PhD Defence Sven Dummer | Deep Learning with Infinite-Dimensional Priors

Deep Learning with Infinite-Dimensional Priors

Sven Dummer is a PhD student in the Department of Mathematics of Imaging & AI. (Co)Promotors are prof.dr. C. Brune and dr. N. Strisciuglio from the Faculty of Electrical Engineering, Mathematics and Computer Science.

Neural networks, the foundation of artificial intelligence, underlie many applications ranging from language models like ChatGPT to problems in science. While neural networks typically map vectors to vectors, in many of these (scientific) applications, these vectors correspond to discretizations of functions such as images or solutions to partial differential equations (PDEs). Building on such discretizations, recent works have developed models that treat inputs and outputs directly as functions in infinite-dimensional function spaces. Beyond this representational aspect, infinite-dimensional (function) spaces often carry rich prior information about the structure of the input or output. Since large neural networks may memorize the training data instead of learning general patterns, such prior knowledge can guide the training process toward models that work better on new inputs. Moreover, a neural network itself can be viewed as an element of an infinite-dimensional function space. Characterizing the space provides insight into, for instance, how optimization within these spaces yields neural architectures, which algorithms are suited for solving the optimization problem, and what types of generalization guarantees can be given.

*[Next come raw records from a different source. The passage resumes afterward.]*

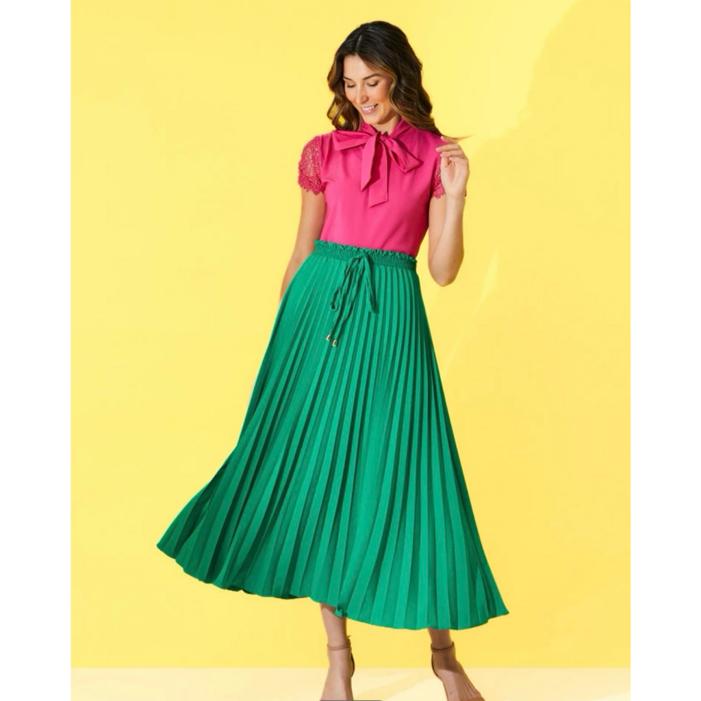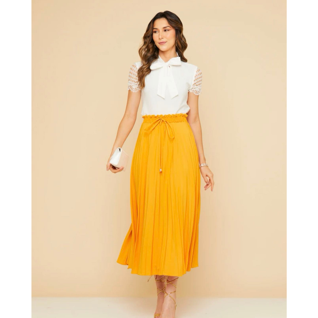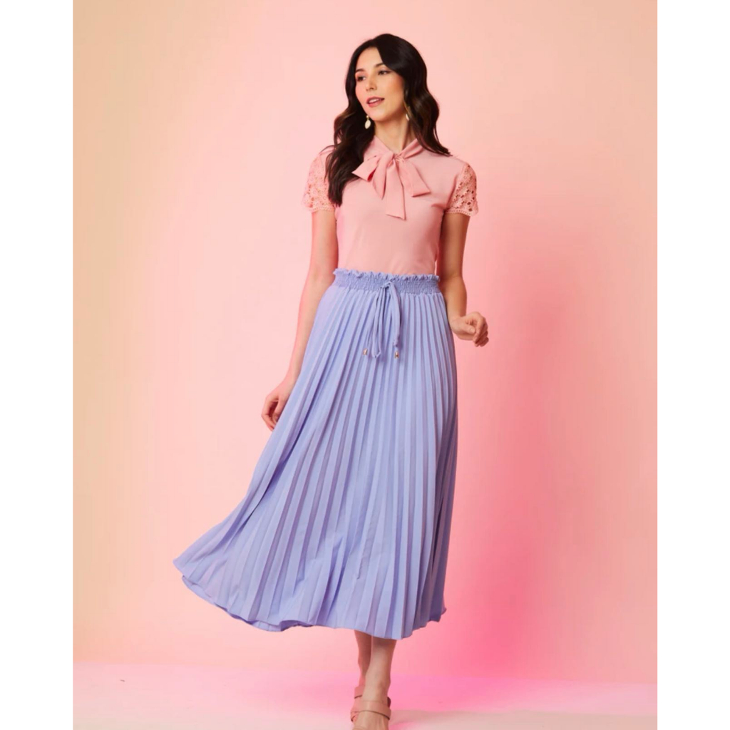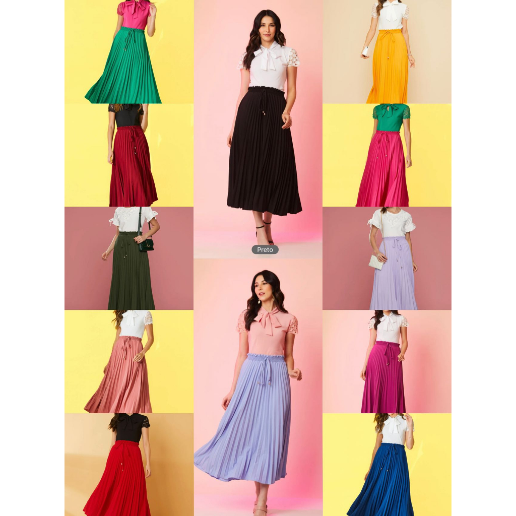 Saia Plissada Tendência Evangelica Com a Lastex na Cintura -0204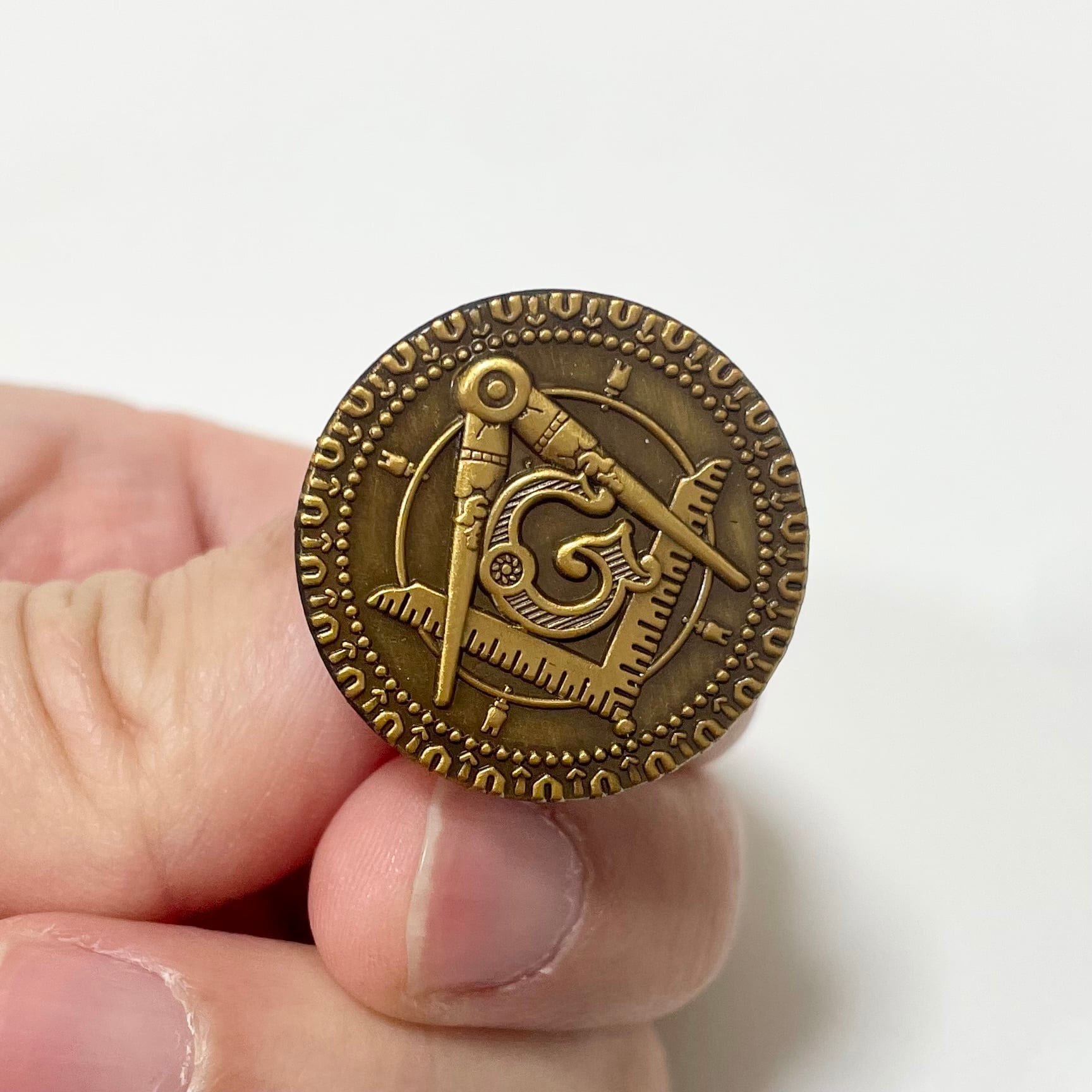 中央には「幾何学」や「神」を意味する「G」の文字が刻まれており、直角定規とコンパスが織りなす独特の幾何学模様は、歴史の深さと神秘的な魅力を感じさせます。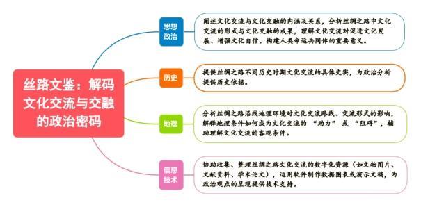 交融组:挖掘丝绸之路中文化交融的典型成果。历史组提供丝绸之路上文化交融实例,地理组分析不同地理特质如何促进交融,信息组绘制文化交融成果的时间轴和相关表格。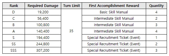 - You can acquire rewards relative to the rank you've acquired based on the damage dealt. (Available once per day)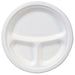 EcoSmart Molded Fiber Dinnerware, 3-Compartment Plate, White,10"Dia, 500/Carton. Choose durable dinnerware, made from economical molded fiber as a sturdy alternative to foam. Conveniently microwavable dinnerware. Built with a durable design to resist soak-through and withstand the toughest meals. Three-Compartment Plate. Dinnerware Type: Compartment Plate; Material(s): Molded Cellulose Fiber; Shape: Round; Diameter: 10".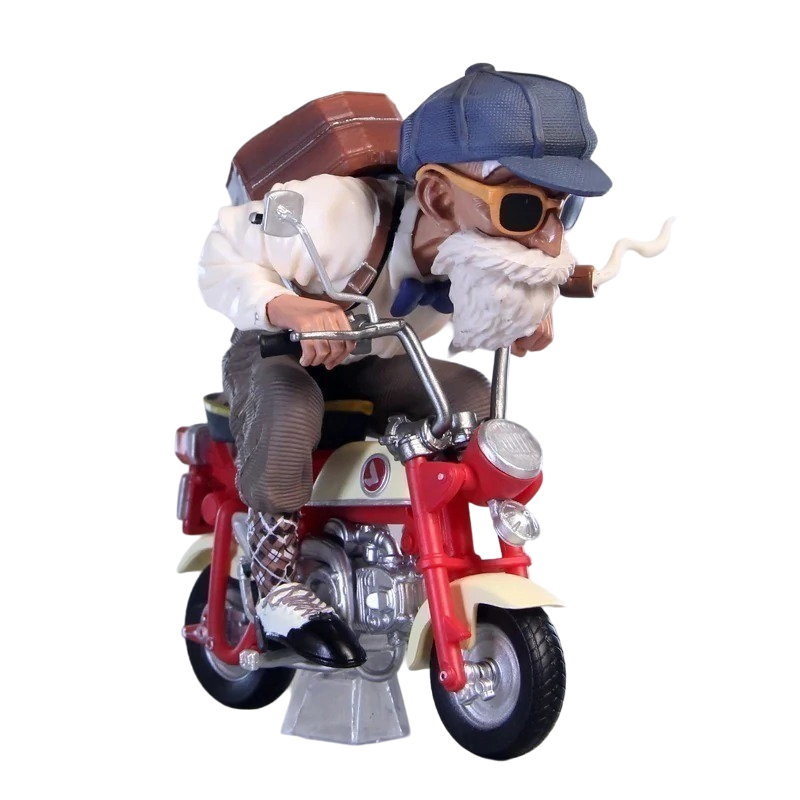 Descubre la exclusiva figuras de el Maestro Roshi en motocicleta. Una fusión magistral de arte y detalles intrincados que capturan la esencia de Dragon Ball. Con colores vibrantes y formas dinámicas, cada pieza va más allá del coleccionismo tradicional, ofreciendo una experiencia única que une la nostalgia con la maestría artística. Edición limitada, estas figuras elevan tu colección a un nivel superior.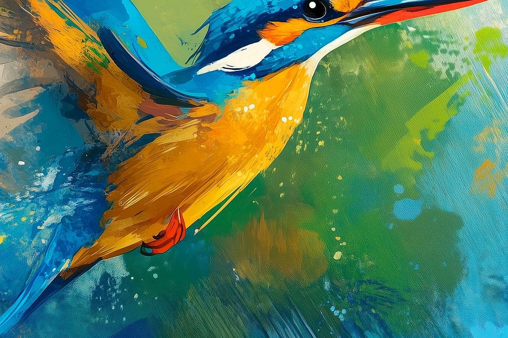 Abstraktes, farbenfrohes Bild eines Eisvogels, der ins Wasser taucht. Ein dynamisches und farbenfrohes Bild.
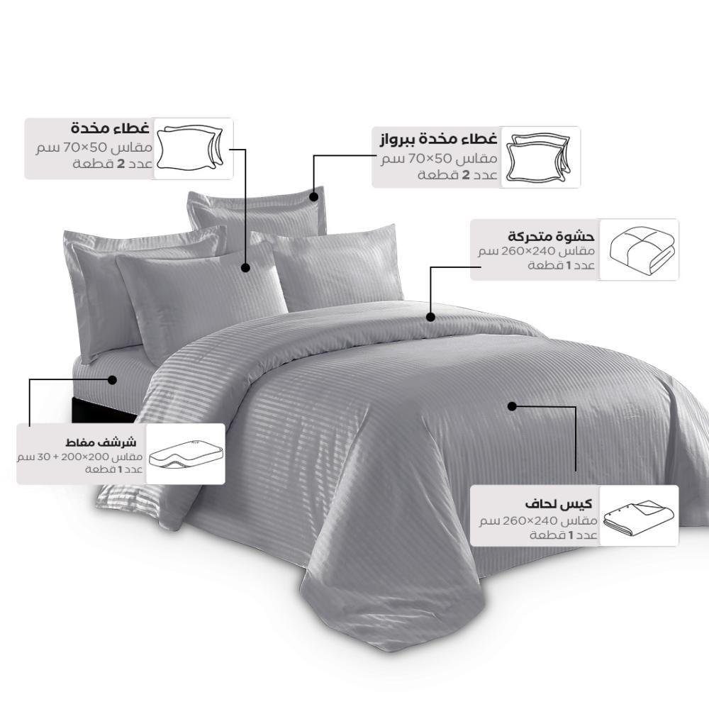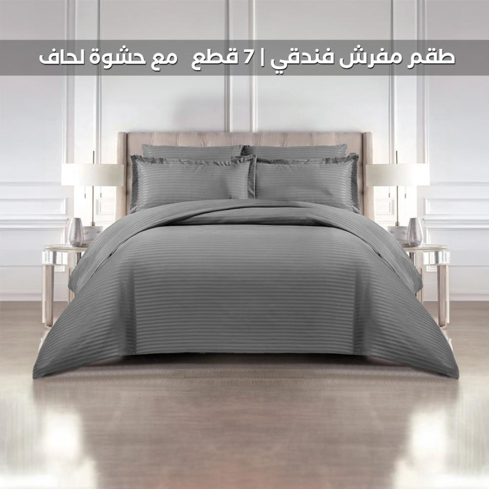استمتع بتجربة نوم فندقية مع مفرش فندقي رمادي الفاخر ذو التصميم العصري الأنيق، حيث يجمع بين الجودة العالية والمظهر الرائع ليوفر لك مزيجاً من الراحة والجمال في غرفة نومك.
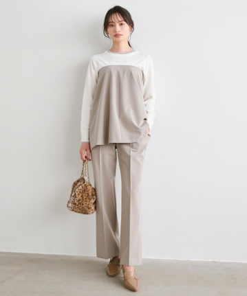 【着用感】:スカートは短過ぎないので抵抗なく着られる、パンツのシルエットが綺麗で細見えする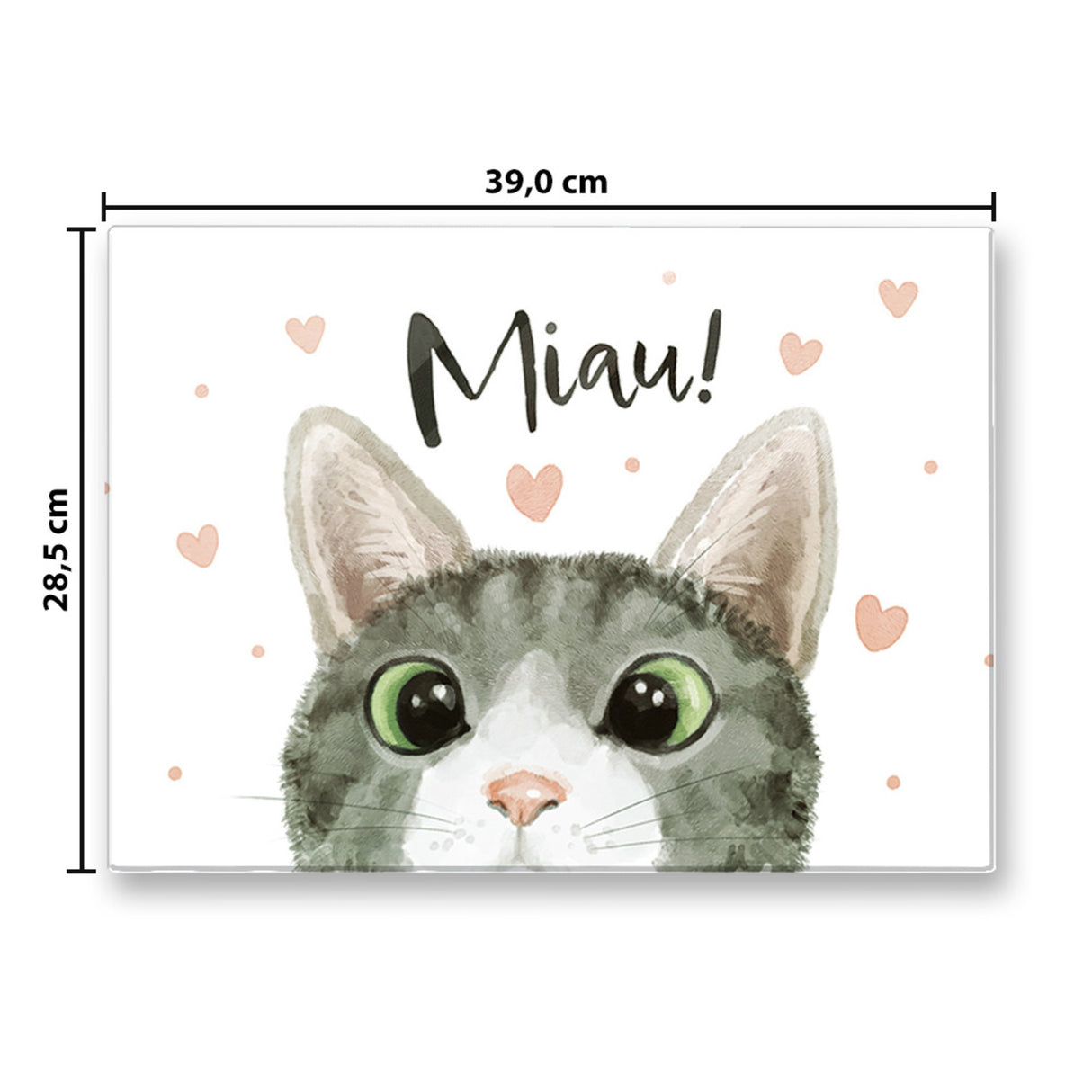 - Lieferumfang: 1x Miau Katze Schneidebrett aus Glas in 39x28cm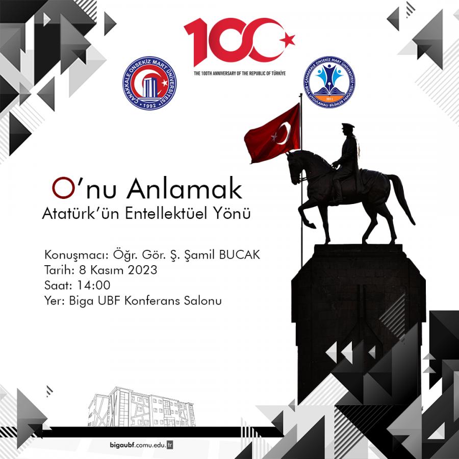 Türkiye Cumhuriyeti’nin kurucusu Gazi Mustafa Kemal ATATÜRK’ün vefatının 85. yıl dönümü dolayısıyla Üniversitemiz Atatürk İlkeleri ve İnkılâp Tarihi Bölüm Başkanlığı’nda görev yapan Ögr. Gör. Ş. Şamil BUCAK tarafından "O’nu Anlamak: Atatürk’ün Entelektüel Yönü" konulu konferans düzenlenecektir.

This thesis examines the aforementioned infinite-dimensional aspects of neural networks. In particular, this thesis treats the following aspects:

• Infinite-dimensional input and output data representations. Chapters 4 and 5 show the benefits of modeling controls and shapes as infinite-dimensional objects for, respectively, finding efficiently controllable periodic trajectories and diffeomorphic shape latent modeling. For time-dependent PDEs, Chapter 6 combines reduced-order models and neural operators to study different infinite-dimensional representations. The chapter shows that simple input processing and output representation can already be effective. The chapter also includes a discretization error analysis and highlights the importance of understanding how discretized operators approximate their infinite-dimensional counterparts.
• Priors on infinite-dimensional spaces. Chapter 3 shows the benefits of optimal transport and manifold learning for data-driven dynamic imaging. Chapter 4 uses physics-informed periodicity losses derived from Hamiltonian structure and eigenmanifold theory to compute efficiently controllable periodic motions. Chapter 5 demonstrates the advantages of Large Deformation Diffeomorphic Metric Mapping priors for diffeomorphic shape latent modeling. Chapter 6 combines neural operators with the causality and manifold structure of reduced-order models, although more research is needed to better determine the effect of this structure.
• Hypothesis spaces for neural network models. Chapter 7 introduces a novel definition of vector-valued reproducing kernel Banach spaces, establishes their fundamental properties, and constructs concrete examples corresponding to neural networks and operators. Among the main results in this chapter are representer theorems.

Overall, this thesis explored infinite dimensionality in deep learning across various applications. The results shed light on how to handle and represent infinite-dimensional inputs and outputs. They also clarify when to incorporate prior information on the output and how to define the space corresponding to models that operate in infinite-dimensional settings. Together, these findings advance the understanding and development of methods that handle infinite-dimensional input and output spaces.